The macro picture remains ambiguous. Outperformance from the U.S economy and the prospect of worldwide loosening monetary policy remains counterbalanced with a worsening Eurozone crisis and a slowing global economy. This confluence of factors will likely yield increased volatility as investors become flummoxed over which macro trends triumph. Over the short-term and after a 20% rally from the October lows, the S&P 500 seems increasingly vulnerable to negative headlines. A lot of good news has been priced in.

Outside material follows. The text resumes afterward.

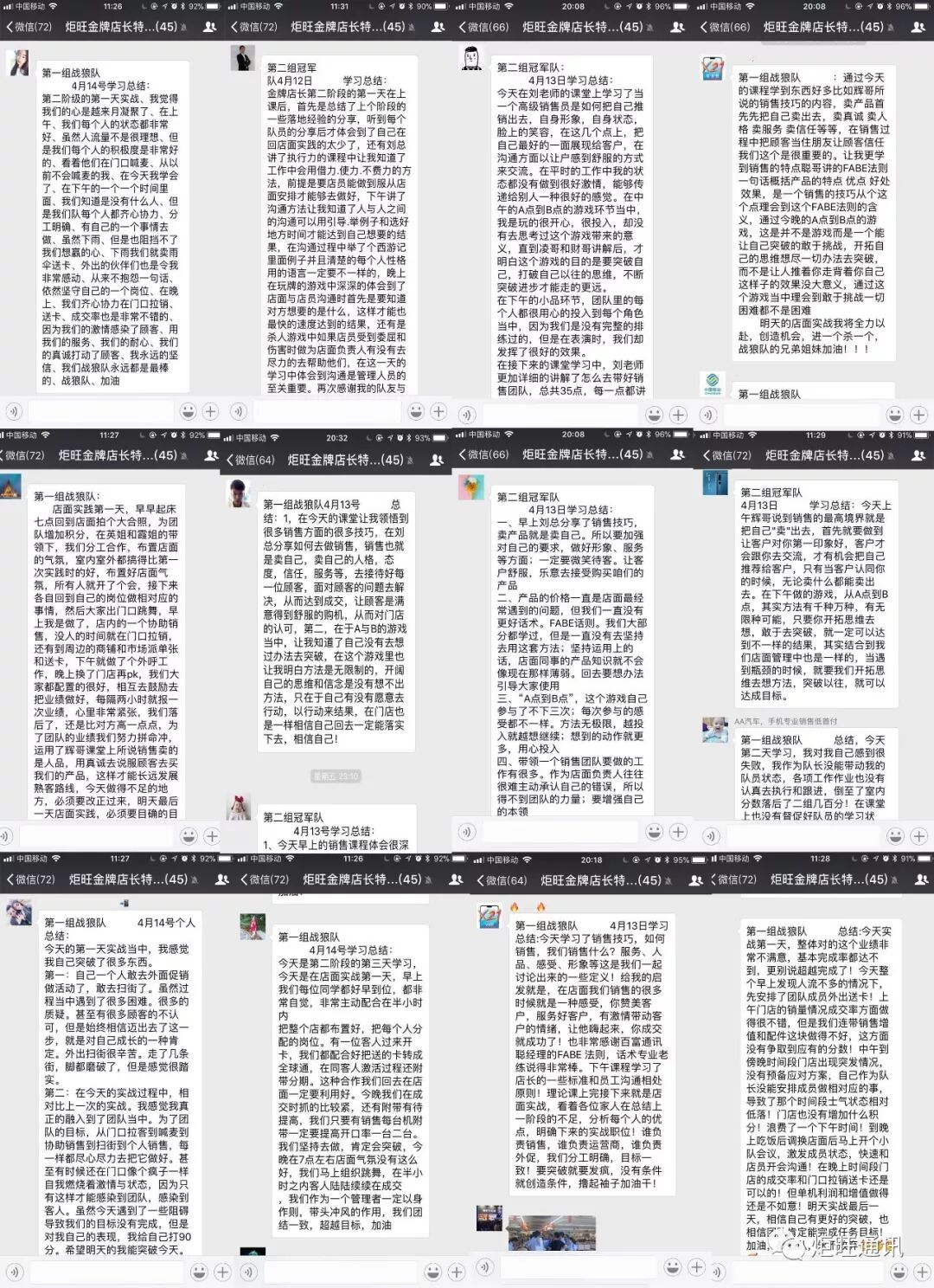 店长是门店的灵魂,是领头羊,店长的工作能力及领导能力,直接影响整个门店的业绩。 从您成为店长的一刻起,您不再是一名普通的员工,您必须站在经营者的角度,努力达成经营目标。 一个优秀的店长,到底应该怎么做? 您是否有以下的困惑? 1.促销效果不明显,公司目标不能达成,销售压力大,没有外促的方法,甚至缺乏店外销售的勇气 2.不知如何与领导、下属、同级沟通 3.店长是销售能手,但不会管理,不会科学的分析店铺数据 4.不能激发员工的激情,团队沟通不畅(店员不听从店长安排或是店员勾心斗角) 5.店长责任感不强,解决问题的能力差,总是被店员牵着走 6.顾客异议处理不当,造成顾客流失,甚至有冲突发生 7.店铺的气氛不好,店面形象不规范,陈列不科学、不生动、无重点 8.不知道如何进行市场调研 9.不会上传下达,店长传达公司指令结果五花八门,会议白开 10. 新员工难招,招来了难留,对员工太好,员工不容易听话,对员工太严格,感觉受不了,不知道应该如何对待新员工 11. 执行力差,新制度执行了一些日子,就不知不觉不执行了 ……………………………… 没有经过培训上岗的店长,不是因为他不努力,而是因为他不知道怎么做,上岗后出现问题还不培训店长,就是公司的最大损失,因为店长能力直接决定门店的业绩… 店长,您要怎么办?调价格?改陈列?调整商品结构?训练员工?…如何才能快速提升门店的销售业绩?如何才能在处于竞争劣势的情况下蜕变?如何才能在危机中求生存,赢取更多的利润?如何才能留住核心员工的心..... “学习力就是竞争力”, 这不是口号,而是事实, 您可以不学习,但您的竞争对手绝对不会停止学习! 一场店长必须经历的课程 一场高标准精品质的课程 一场让你受益终身的课程 ▼▼▼▼▼ 炬旺国商学院 《金牌店长特训营第3期》 两个阶段,8天课程,30天持续跟进 得到几年都不曾有的收获 揣着知识,怀着收获,带着感恩 不忘初心,砥砺前行,誓成精英 学院介绍 1、目标达成无执行力。如何做好目标分解与追踪,防止员工破罐子破摔?如何线上线下并举引流,“抢”客进店? 2、沟通协作无执行力。如何有效沟通?快速说服员工达成共识? 4、领导执行无执行力。威信不足,新老员工不听话,如何提升执行力? 6、如何激发员工斗志?如何做到天天激情销售? 【课程时间】: 一阶段:7月12日-15日 二阶段: 8月16日-19日 两个阶段需持续学习,长达30天的学习进程跟踪,理论实践相结合,全程解决学习后的迷茫! 【主办方】:炬旺国商学院 【课程对象】:运营管理、区域经理、培训经理、督导、店长、领班、储备店长、资深导购等;为获得最佳的落地效果,产生最佳绩效,特别建议黄金团队组合:运营管理者+培训经理+督导+精英店长!人多特价优惠! 刘院长18820365588 向老师18820361988 十大课程要点 一、店长的身份和心态 二、店长应有的能力 三、店长的一天 四、销售团队技巧打造 五、拓客系统应用 六、营销思维及营销拓展 七、运营商业绩突破 八、会议与沟通 九、产品库存管理和数据分析 十、危机公关处理 这是一场蜕变,一场精神的洗礼 《金牌店长特训营》铁血开营 通讯行业的精英们,您准备好了吗? 往期部分学员总结 往期精彩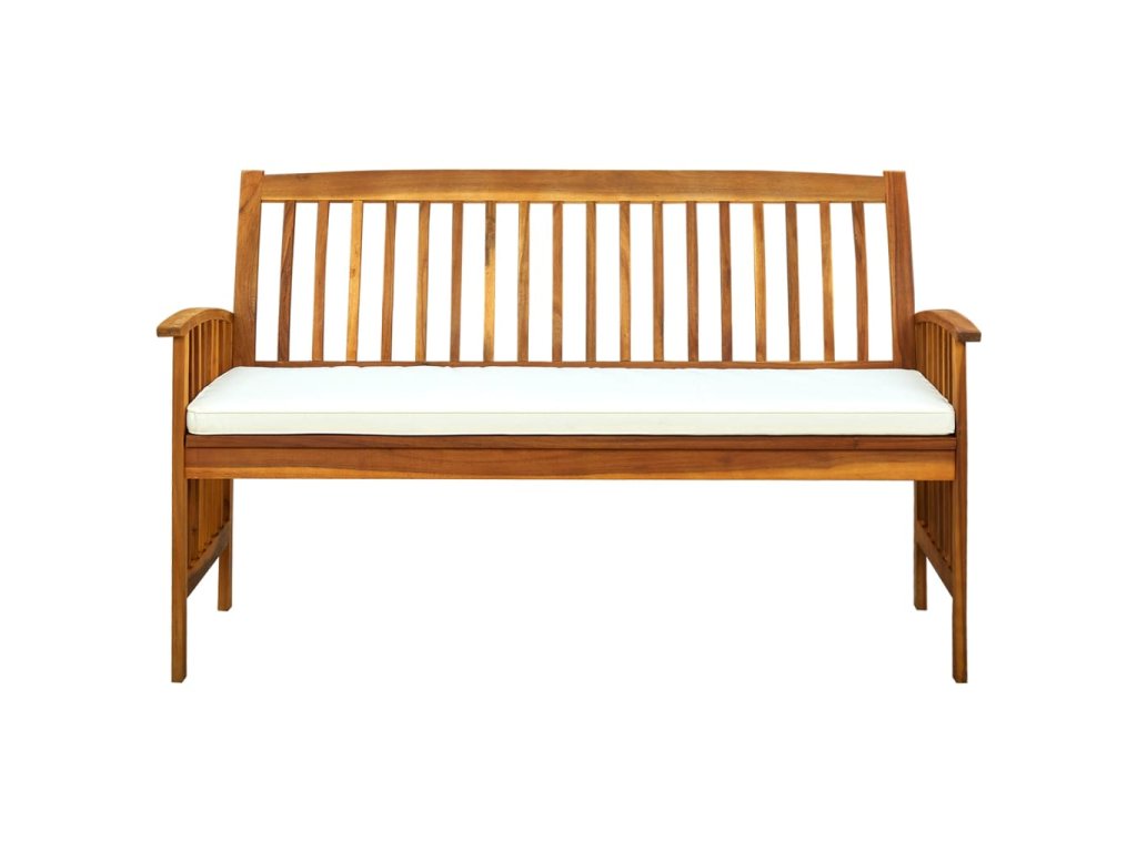 Lavička s opierkami je vyrobená z masívneho akáciového dreva, tropického tvrdého dreva, ktoré je odolné voči poveternostným vplyvom a veľmi odolné. Vďaka olejovej povrchovej úprave má terasová sedačka teplú farbu, a ľahko sa čistí a udržiava. Balenie obsahuje vankúš s hrubým polstrovaním pre dokonalé pohodlie.

Over the past couple of weeks, U.S. manufacturing surveys (Empire, Richmond, Kansas City) have improved, signaling a firm start to 2012. These readings are confirmed by transportation activity. The 6.8% December spike in the ATA’s Truck Tonnage Index as well as positive YoY readings in rail traffic indicate that the nation’s economic arteries remain active. Meanwhile, an improving housing market and the lowest level of initial jobless claims in almost 3 years have turned investors optimistic that a sustainable recovery is at hand.
On the global front, German confidence, as tracked by the Ifo and ZEW surveys, is defying pervasive economic gloom throughout the Eurozone. Record low unemployment has resulted in a resilient consumer. Furthermore, the Eurozone Composite PMI showed an unexpected expansion in January. While activity continues to contract, improved metrics point to a mild recession in the region. In Asia, central banks have increasingly focused on growth over inflation. Loosening monetary policy, state the bulls, will lead to a soft-landing throughout the bloc. Indeed, an upside breakout in copper prices certainly confirms this view.
Markets have been pricing in this good news since October, which leads to the first bearish point. Investor sentiment has reached euphoric levels among retail investors. While excessive bullishness may persist for sometime, I see it as a sign of complacency, confirmed by a sub-20 VIX reading. Investors will encounter increased turbulence in the weeks ahead, resulting in limited gains at best.
For starters, the prospect of a hard Greek default has become increasingly accepted as a relatively innocuous event, incapable of sparking contagion throughout the Eurozone. However, many are ignoring the ongoing contagion engulfing Portugal. Sovereign bond yields there have been hitting record highs all week, as mutterings of a needed bailout grow. The next scare is likely to come from the Iberian Peninsula.
Furthermore, as I stated in my macro outlook, we are currently in a lull in regards to Eurozone protests. The next wave is set to begin in the coming weeks. Indeed, Monti’s government is undergoing its stiffest test yet, as truckers have begun blockades throughout Italy. Moreover, unions are planning a pan-European protest, slated to take place on the eve of the “fiscal compact” summit.
In France, the stage is quietly being set for a wave of uncertainty regarding Eurozone economic policy. President Sarkozy is realizing that he may actually be eliminated in the first round of the presidential elections on April 22nd. Mr. Hollande, who currently has a substantial lead in the polls, has said that he would push Germany to approve Eurobonds as well as increased ECB involvement. I believe that such a wide disparity of policy prescriptions between the two strongest nations in Europe will not sit well with investors.
Finally, news out of China has been lacking. While we’ve seen some stabilization in PMI surveys, I believe that the current headwinds, a Eurozone slowdown and a weakening property sector, will strengthen in the months ahead. Whether loosening monetary policy results in a soft-landing is still subject to debate; however, I would err on the side of caution.
Against this macro backdrop, I remain cautiously bearish and am looking to increase my short positions in the coming week if we break support levels. Leading technical indicators are showing weakness. While they may only signal a breather from what has been a torrid rally, upcoming macro events are likely to negatively surprise investors and induce a wave of bearish sentiment. Volatility seems pretty cheap at these levels considering what’s to come in my view.